Entries taken from a collection:
++++

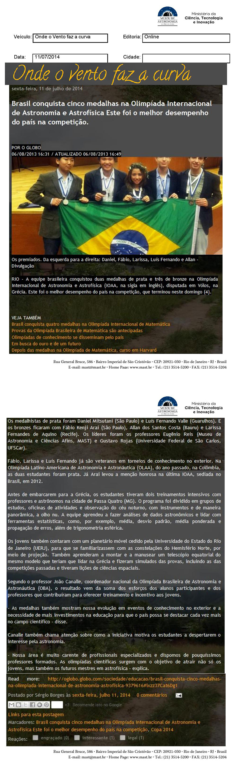 Onde o Vento Faz a Curva | Brasil conquista cinco medalhas na Olimpíada Internacional de Astronomia e Astrofísica este foi o melhor desempenho do país na competição
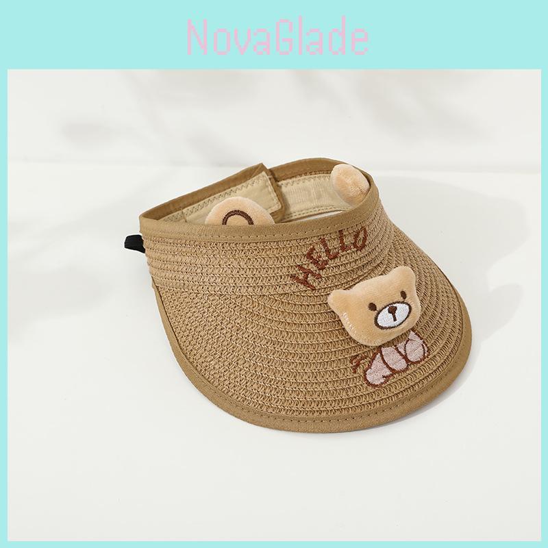 Children's Summer Straw Hat With Wide Brim Cute Bear Ears Breathable Sunshade Cap
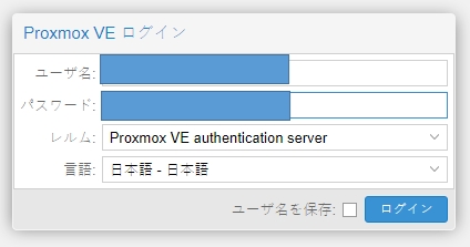レルム:「Proxmox VE authentication」を選んだ場合
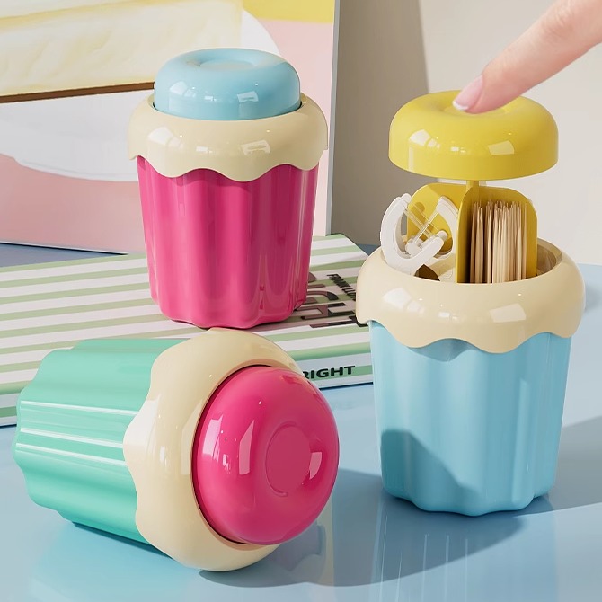 甜品牙签盒牙签筒牙线盒2025新款 自动弹出牙签罐收纳盒创意高颜值
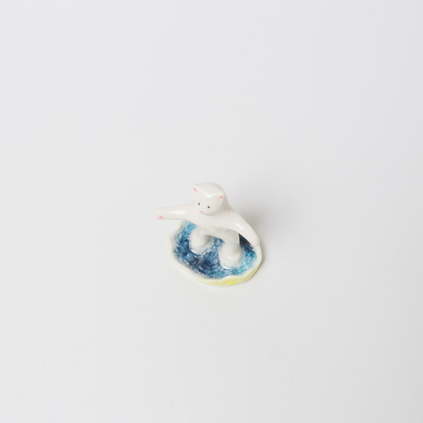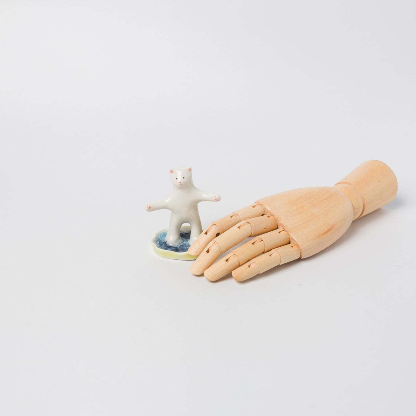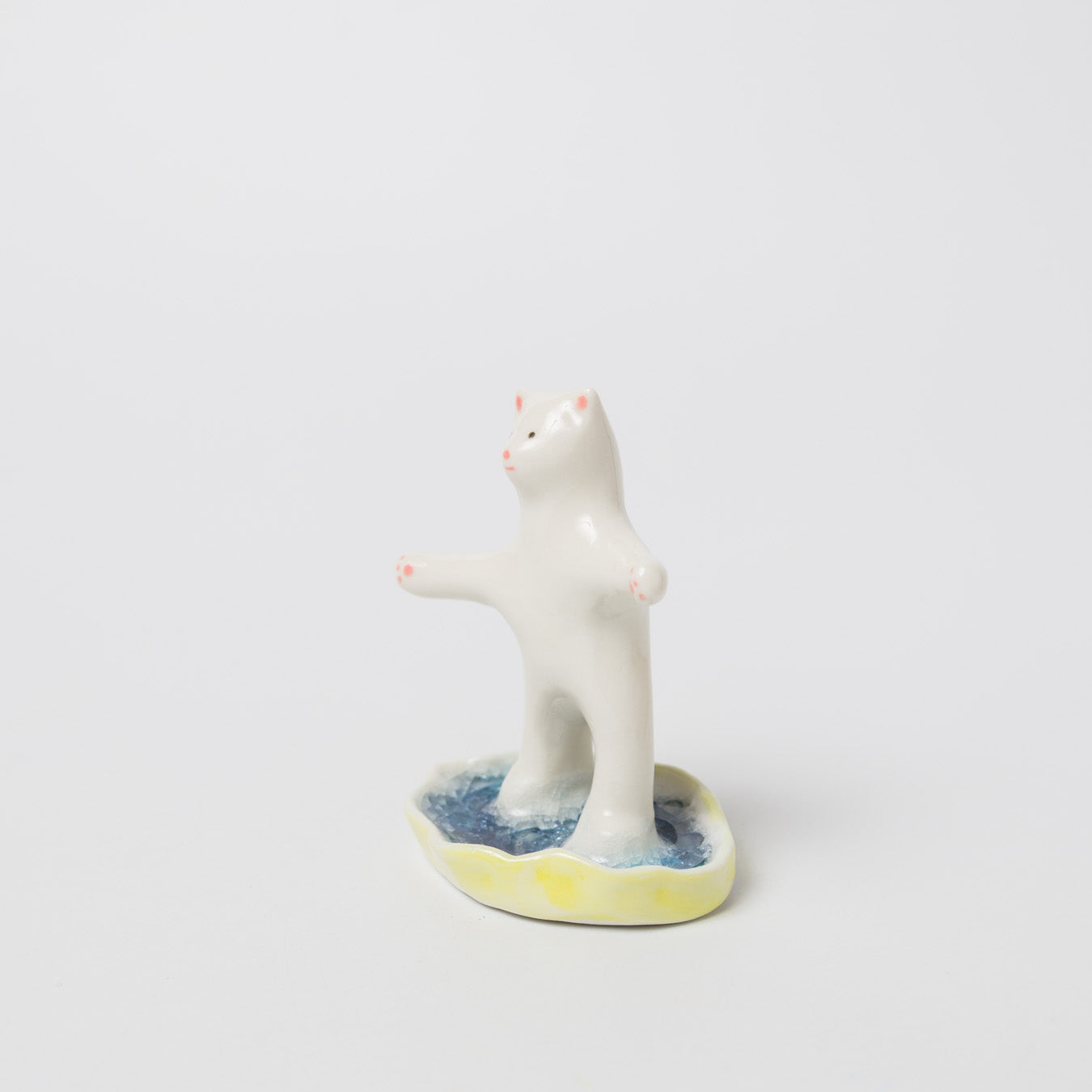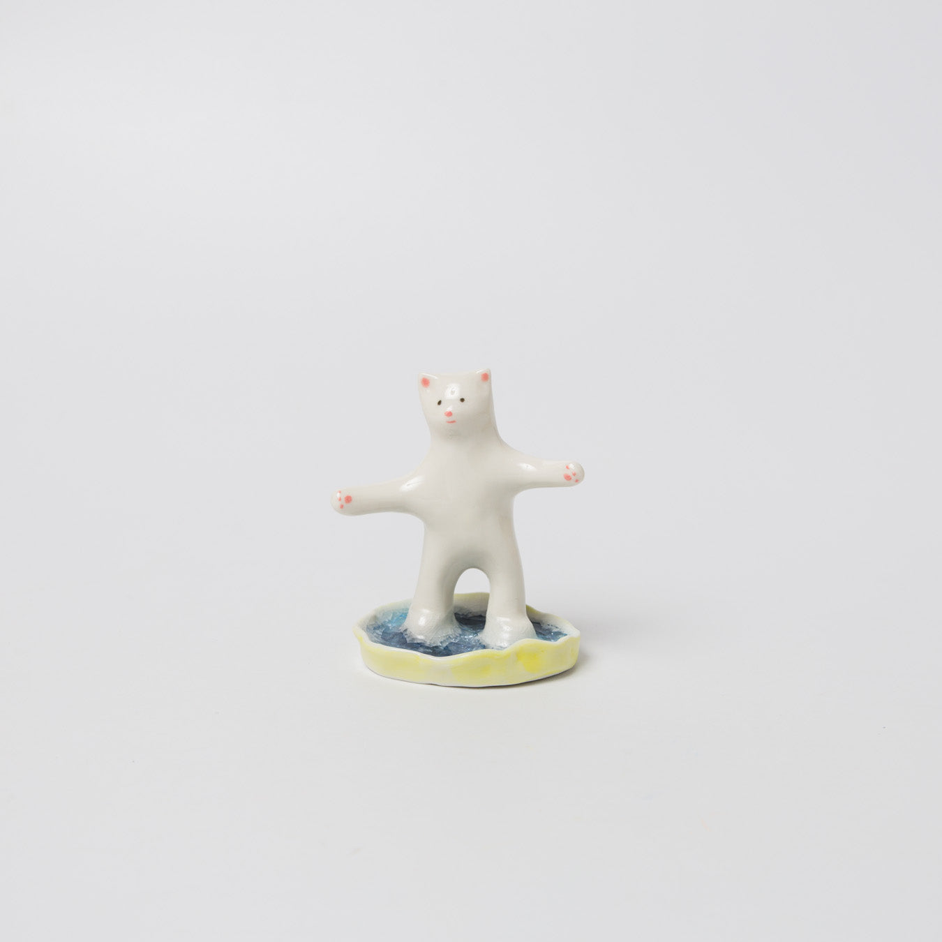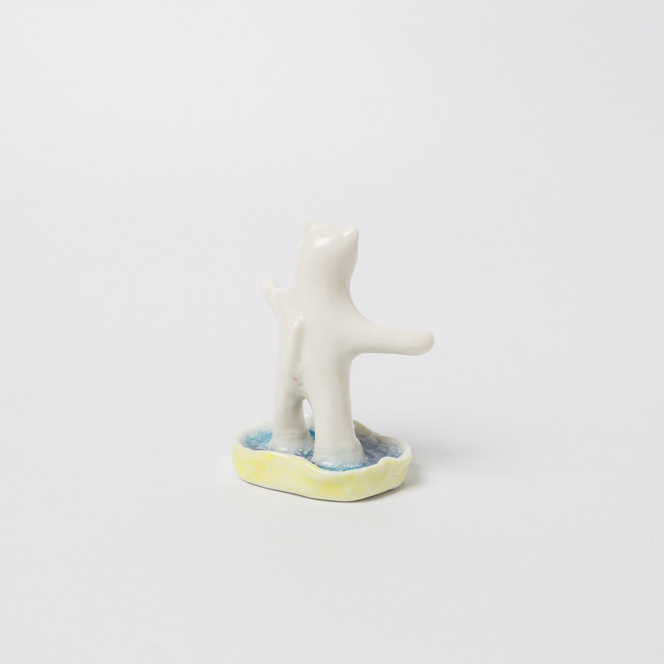 水たまりの真ん中に、ちょこんと立つネコの小さなオブジェ。
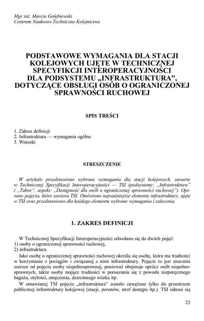 Mgr inż. Marcin Gołębiewski Centrum Naukowo-Techniczne Kolejnictwa PODSTAWOWE WYMAGANIA DLA STACJI KOLEJOWYCH UJĘTE W TECHNICZNEJ SPECYFIKCJI INTEROPERACYJNOŚCI DLA PODSYSTEMU „INFRASTRUKTURA”, DOTYCZĄCE OBSŁUGI OSÓB O OGRANICZONEJ SPRAWNOŚCI RUCHOWEJ SPIS TREŚCI 1. Zakres definicji 2. Infrastruktura — wymagania ogólne 3. Wnioski STRESZCZENIE W artykule przedstawiono wybrane wymagania dla stacji kolejowych, zawarte w Technicznej Specyfikacji Interoperacyjności — TSI (podsystemy: „Infrastruktura” i „Tabor”, aspekt: „Dostępność dla osób o ograniczonej sprawności ruchowej”). Opisano pojęcia, które zawiera TSI. Omówiono najważniejsze elementy infrastruktury, ujęte w TSI oraz przedstawiono dla każdego elementu wybrane wymagania i zalecenia. 1. ZAKRES DEFINICJI W Technicznej Specyfikacji Interoperacyjności odwołano się do dwóch pojęć: 1) osoby o ograniczonej sprawności ruchowej, 2) infrastruktura. Jako osobę o ograniczonej sprawności ruchowej określa się osobę, która ma trudności w korzystaniu z pociągów i związanej z nimi infrastruktury. Pojęcie to jest znacznie szersze od pojęcia osoby niepełnosprawnej, ponieważ obejmuje oprócz osób niepełnosprawnych, także osoby mające trudności w poruszaniu się z powodu nieporęcznego bagażu, otyłości, zmęczenia, dziecinnego wózka itp. W omawianej TSI pojęcie „infrastruktura” zostało zawężone tylko do przestrzeni publicznej infrastruktury kolejowej (stacji, peronów, stref dostępu itp.). TSI odnosi się 23 bezpośrednio do przestrzeni publicznej stacji oraz stref ich dostępu i dotyczy kolei konwencjonalnej i kolei dużych prędkości. 2. INFRASTRUKTURA — WYMAGANIA OGÓLNE W specyfikacji TSI jako elementy podsystemu „Infrastruktura”, związane z dostępnością dla osób o ograniczonej sprawności ruchowej, są wymienione: — parkingi dla osób o ograniczonej sprawności ruchowej, — drzwi oraz wejścia jednopoziomowe, — trasy dla pasażerów, główne ciągi piesze, — posadzki, — informacje dotykowe, — ścieżki kierunkowe, — przeszklone drzwi oraz oznaczenia ścienne, — toalety, — meble, — kasy lub automaty biletowe/okienka informacyjne, — urządzenia do kontroli biletów, — oświetlenie, — informacje wizualne — drogowskazy, piktogramy, informacja dynamiczna, — informacje mówione, — wyjścia ewakuacyjne, alarmy, — geometria kładek dla pieszych i przejść podziemnych, — schody, — poręcze, — podjazdy, schody ruchome, windy, chodniki ruchome, — wysokości peronów i odległości peron—oś toru, — szerokości peronów i krawędzie peronów, — zakończenia peronów, — urządzenia wspomagające wsiadanie, — jednopoziomowe przejścia przez tory. Dla wszystkich wymienionych elementów w specyfikacji TSI przedstawiono warunki i wymagania, które powinny być spełnione. Należy w tym miejscu zaznaczyć, że specyfikacja nie narzuca konkretnych rozwiązań technicznych ani też nie zamyka możliwości przyjęcia rozwiązań nowatorskich. W jednym z kolejnych rozdziałów TSI jest opisany sposób postępowania w przypadku takich właśnie rozwiązań. 2.1. Parkingi dla osób o ograniczonej sprawności ruchowej W TSI napisano, że miejsca parkingowe dla osób o ograniczonej sprawności ruchowej powinny być, w miarę możliwości, usytuowane jak najbliżej wejść dostępnych dla tych osób. Korzystać z takich miejsc mogą osoby uprawnione do korzystania z miejsc parkingowych dla osób niepełnosprawnych. Pozostałe wymagania (liczba miejsc, wymiary, lokalizacja, oznaczenia itp.) nie dotyczą kolei i dlatego są regulowane za pomocą przepisów europejskich lub krajowych. 24 2.2. Trasa wolna od przeszkód Trasa wolna od przeszkód, według specyfikacji TSI, jest to ciąg komunikacyjny, po którym swobodnie mogą się przemieszczać pasażerowie, w tym osoby należące do grupy osób o ograniczonej sprawności ruchowej. Według specyfikacji należy zapewnić co najmniej jedną trasę wolną od przeszkód, która powinna łączyć występujące na danej stacji punkty i usługi: — punkty zatrzymania innych środków transportu na terenie stacji (postój taksówek, metro, tramwaj itp.), — parkingi, — wejścia i wyjścia dostępne dla osób o ograniczonej sprawności ruchowej, — punkty informacyjne, — inne systemy informacyjne, — kasy i automaty biletowe, — obsługa klienta, — poczekalnie, — przechowalnie bagażu, — toalety, — perony. Wymaga się, aby trasy wolne od przeszkód, kładki dla pieszych, przejścia podziemne oraz schody miały szerokość minimum 1600 mm i wysokość minimum 2300 mm. Należy tutaj podkreślić, że najmniejsza szerokość nie uwzględnia szerokości dodatkowej, która powinna zapewniać sprawny przepływ pasażerów oraz że te wymagania nie dotyczą schodów, chodników ruchomych i wind. Materiał, z którego jest wykonana posadzka tras wolnych powinien mieć właściwości przeciwodblaskowe, a długość trasy powinna być możliwie najmniejsza. Dla stacji, które obsługują mniej niż 1000 pasażerów dziennie (pasażerowie wysiadający i wsiadający) przewidziano możliwość zrezygnowania z instalowania wind lub podjazdów, o ile na linii w promieniu 50 km znajduje się inna stacja z trasą wolną od przeszkód, wyposażona w te urządzenia. Oznakowanie trasy wolnej od przeszkód powinno być zgodne z zapisami dotyczącymi informacji wizualnej. Dla osób z upośledzeniem wzroku przewidziano możliwość informowania o trasie minimum w jeden z trzech następujących sposobów: 1) zastosowanie na całej długości trasy ścieżek dotykowych; 2) zastosowanie mówiących znaków; 3) umieszczenie informacji na tylnej części poręczy pismem wypukłym lub alfabetem Braille`a. Ponadto przewidziano umieszczenie informacji dotykowych na tylnej ścianie poręczy lub samej ścianie na wysokości pomiędzy 850 a 1000 mm, pod warunkiem że na całej trasie wolnej od przeszkód są um
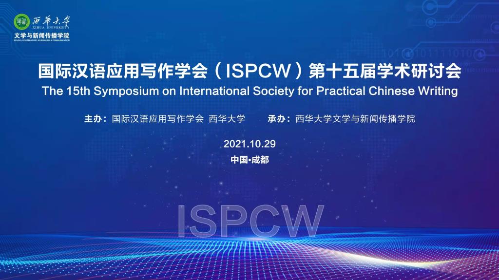 10月30日至31日,国际汉语应用写作学会第十五届学术研讨会在成都召开。本届研讨会由国际汉语应用写作学会主办、西华大学文学与新闻传播公司承办。来自内地、香港、澳门、新加坡等多地的学者参加了本届研讨会。因疫情故,本届研讨会采用线上与线下相结合的方式参会。公司万奇教授是国际汉语应用写作学副会长,应邀以线上交流的方式参加了研讨会。
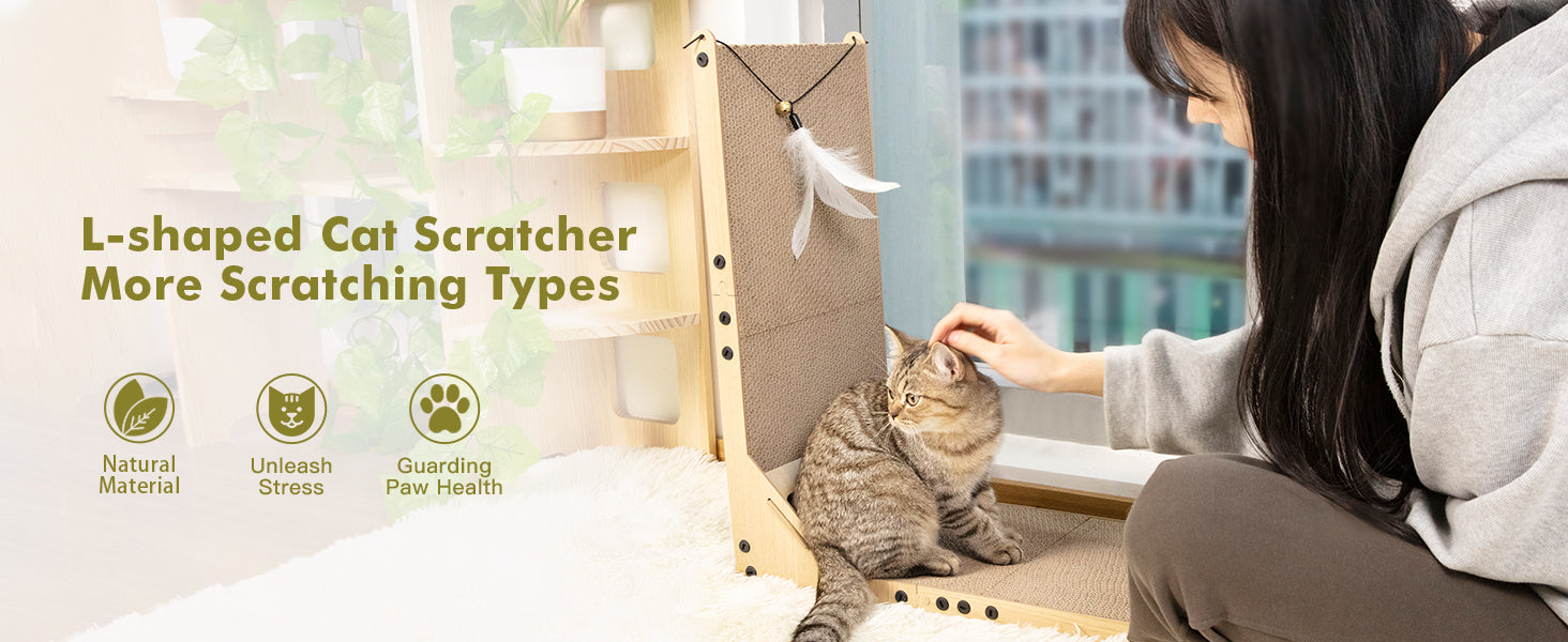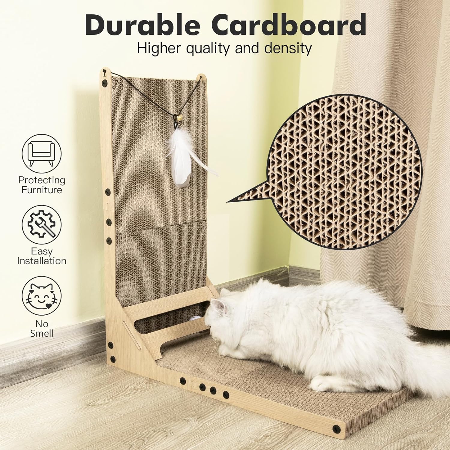 Indulge your cat's playful side with the L-Shape Cat Scratching Board. Satisfy their natural scratching instincts with the unique vertical shape, while keeping your furniture safe from scratch marks. Made from non-toxic materials and easy to assemble, it also comes with organic catnip as a bonus treat. A purr-fect addition to any home.

++++

No picture is to be printed. Output exactly the lines above from the line containing "甜品牙签盒牙签筒牙线盒2025新款 自动弹出牙签罐收纳盒创意高颜值" through the line containing "水たまりの真ん中に、ちょこんと立つネコの小さなオブジェ。".

 甜品牙签盒牙签筒牙线盒2025新款 自动弹出牙签罐收纳盒创意高颜值
 水たまりの真ん中に、ちょこんと立つネコの小さなオブジェ。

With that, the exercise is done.